Когда в июне я получил отпуск и вернулся домой, мечтая отдохнуть и развлечься, то нашел Газу точно такой, какой знаешь ты ее. Она похожа на раковину, выброшенную волнами на вязкий песчаный берег. Мрачная и тягостная, как кошмарный сон, с нависающими террасами домов, с узкими улочками, пропитанными особым запахом бедности и отчаяния. Но, видно, есть тайные силы, влекущие человека на родину, к его семье, дому, воспоминаниям…

На другое утро я пошел навестить семью. Невестка, плача, сразу стала просить меня пойти в госпиталь, где лежала раненая Надия, моя племянница. Ты ведь помнишь красавицу Надию, тринадцатилетнюю дочь моего брата? В тот вечер я купил яблок и пошел навестить ее. Мне показалось, что родные от меня что-то скрывают, что-то недоговаривают. Я всегда любил Надию, жалел ее — ведь она принадлежала к тому поколению, которое с детства узнало все беды войны.

Граффити с изображением Канафани
на палестинских территориях

Что случилось в тот час? Не знаю сам. Я вошел в белую палату, где царила полная тишина. С больным ребенком всегда обращаются как-то особенно бережно, а каким должно быть отношение к раненому ребенку? Надия полулежала, опираясь на белую спинку кровати, по которой рассыпались ее великолепные волосы. Огромные глаза светились глубоким безмолвием. Лицо спокойное и неподвижное, как у мученицы. Надия была девочкой, но показалась мне взрослой.

— Надия…

Будто не я, а кто-то другой произнес ее имя.
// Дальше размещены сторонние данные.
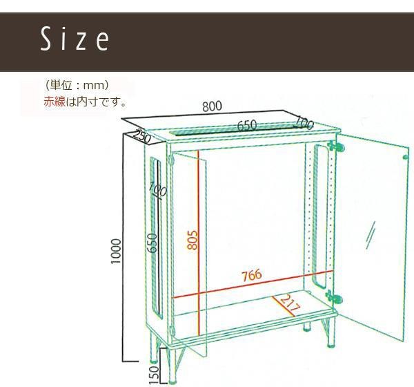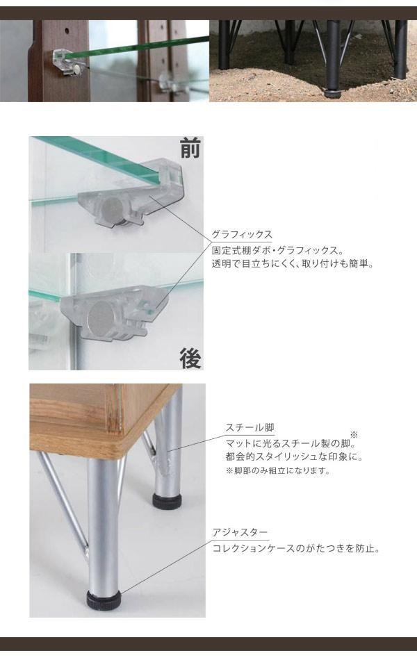 | 素材・材質 | 本体:MDF突版貼り、扉:4mm厚強化ガラス、棚:5mm厚ガラス、脚:スチール |
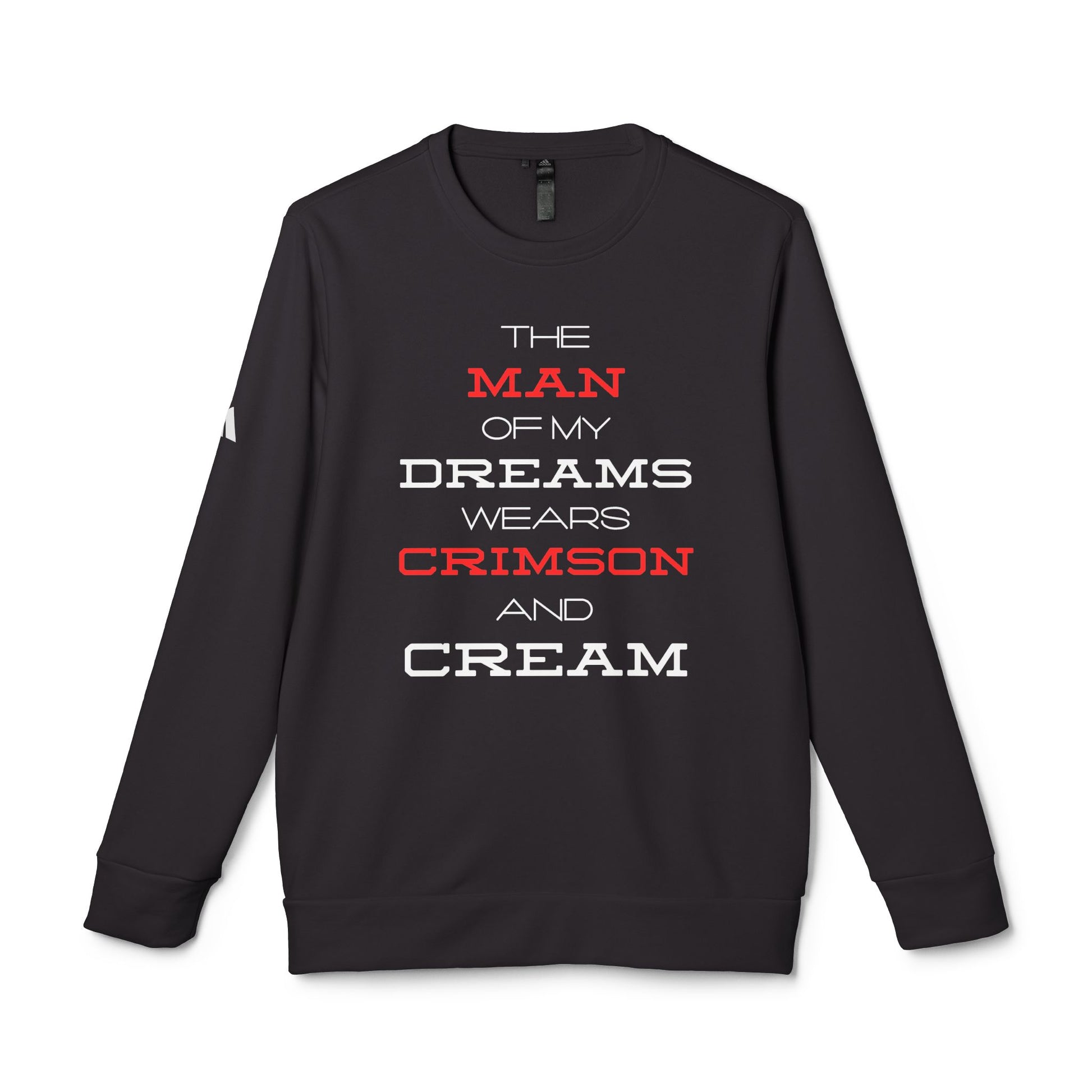 The Man of My Dreams Wears Crimson And Cream Long Sleeve Adidas Sweatshirt
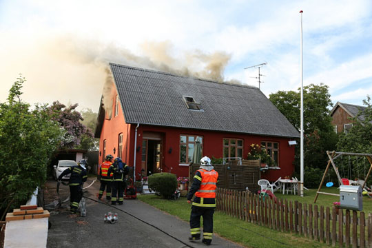 Da brandfolkene ankom, var der kraftig røg fra husets 1. sal. Hurtigt efter brød flammerne gennem taget.
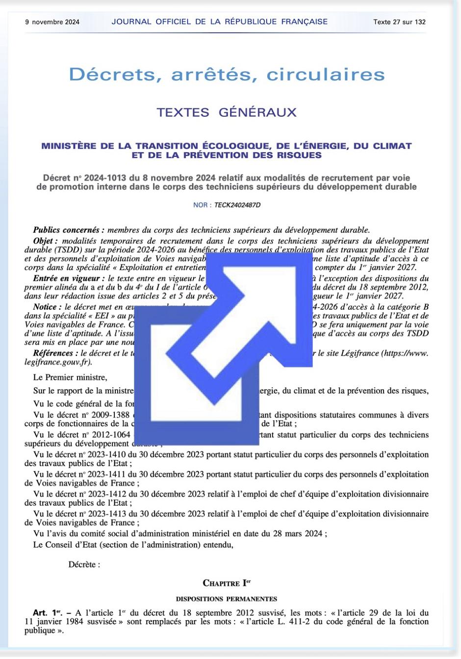 Décret et arrêté du 8 novembre 2024 relatif au plan de requalification d’accès par liste d’aptitude au corps des TSDD dans la spécialité « EEI* » sur la période 2024-2026 au bénéfice des personnels d’exploitation des TPE et de VNF.
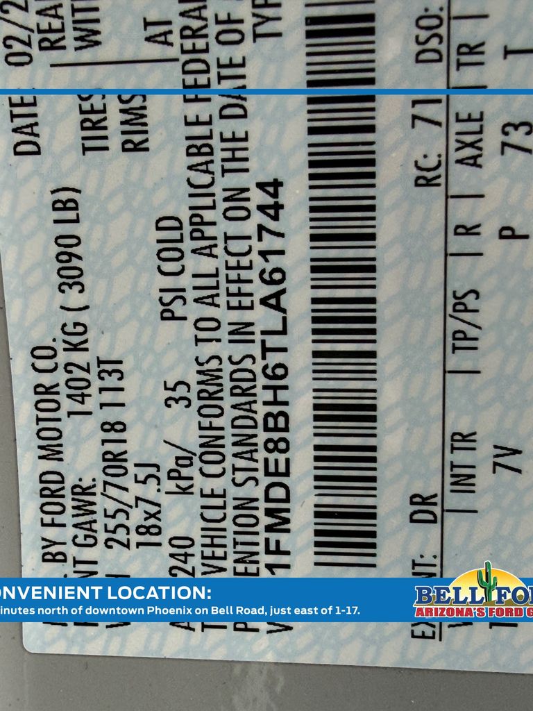 - VIN : 1FMDE8BH6TLA61744
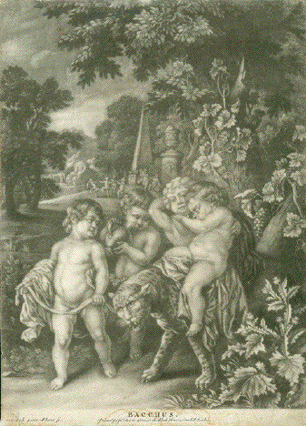 "Bacchus" Mezzotint by Bernard Lens II (1659-1725) After the painting by Anthony van Dyck London, ca. 1690 Bacchus, as a child, riding
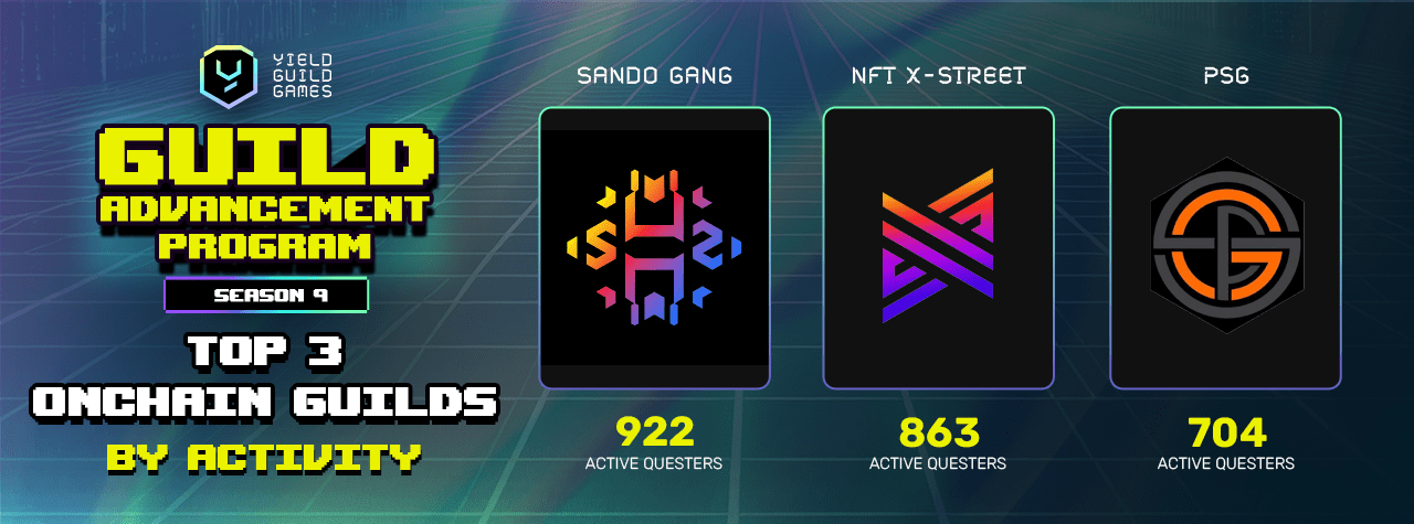 С введением дополнительных мер по оптимизации пользовательского опыта для лидеров и участников гильдий, активность гильдий остается на высоком уровне в этом сезоне. Среди всех гильдий на блокчейне 61 гильдия зарегистрировалась для участия в различных заданиях девятого сезона. Эти гильдии также в полной мере используют свои казначейские кошельки, которые на момент окончания сезона хранили цифровые активы на сумму 828835 долларов.

Она подняла глаза. Я увидел еле заметную улыбку и услышал голос:

— Дядя… Ты приехал из Кувейта?

Она приподнялась, опираясь на руки, и вытянула шейку. Я погладил ее по спине и сел рядом.

— Надия, я привез тебе подарки из Кувейта. Много подарков. Когда ты встанешь с постели здоровой и сильной, придешь домой, я отдам их тебе. Я купил тебе красные брюки, которые ты просила. Да, да, купил.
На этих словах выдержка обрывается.